La raffigurazione in questi haiku è un esercizio etico, un «fare» (che è anche un «dire») che si indirizza sulle tracce del punto cieco di ogni conoscenza per mettere in luce il limite dei suoi presupposti. La parola è qui lo specchietto retrovisore che accudisce il punto cieco della visione. La parola non è tutto, non può essere tutto, qualcosa sfugge sempre alla parola, anche in questi haiku, è questa la ragione della vitalità della lingua, che la parola, ogni parola è insufficiente ai fini del «dire».

Questa pratica-haiku è un abitare il mondo delle parole senza adottare i significati consolidati che corrispondono storicamente a quel mondo di parole. Questa pratica, questo esercizio quotidiano implica e richiede una «torsione» delle parole per rivelare la loro ombra, quell’ombra che infirma i significati consolidati.
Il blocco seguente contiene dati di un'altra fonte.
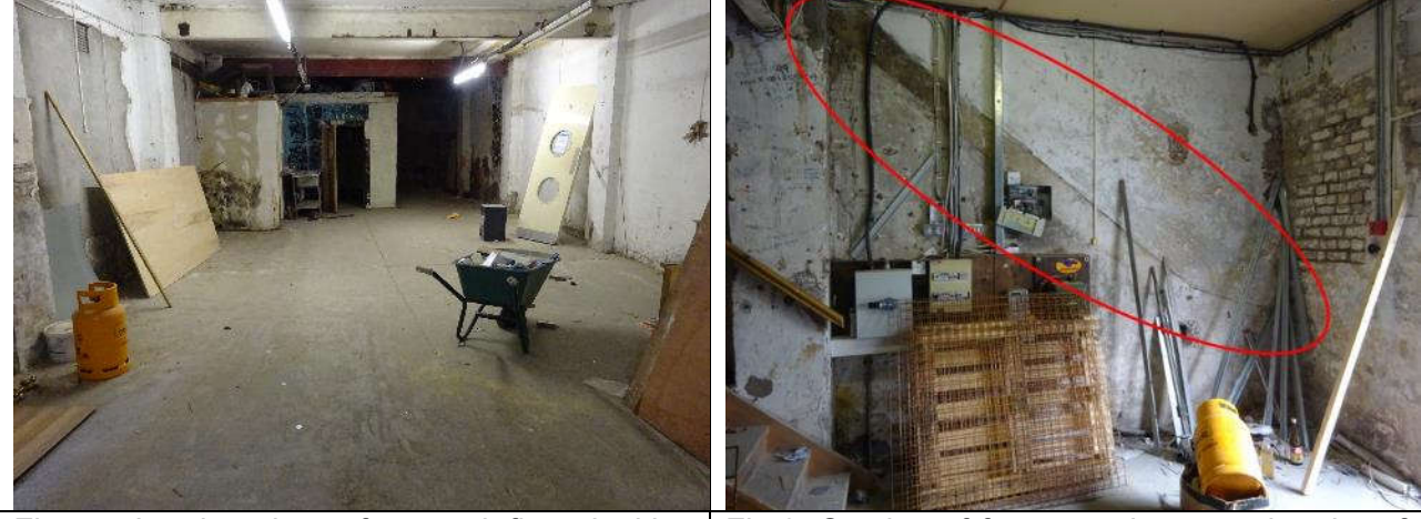
Fig. 7: Interior view of ground floor looking Fig.8: Scaring of former staircase to interior of the west elevation (highlighted in red).

Fig. 6: Exposed section of early 19<sup>th</sup> century red brick to the southern part of the east elevation, understood to relate to the tenement building at No. 4 Moore Place.

Ad esempio, nel terzo haiku riportato, il «velo da sposa» richiama alla mente, per via di un correlativo oggettivo, l’atto del primo verso che si presenta con la personificazione di un inanimato (il libeccio): «Entra il libeccio»; il secondo verso funziona come trait d’union tra le immagini del primo e del terzo verso, funziona cioè come mediazione. Gli haiku di De Girolamo funzionano tutti secondo questo schema: dove il secondo verso agisce come momento di mediazione tra il primo e il terzo verso, in ciò rendendo evidente che si tratta di haiku modernissimi, di haiku dove agisce una sensibilità squisitamente occidentale, modernistica.

(Giorgio Linguaglossa)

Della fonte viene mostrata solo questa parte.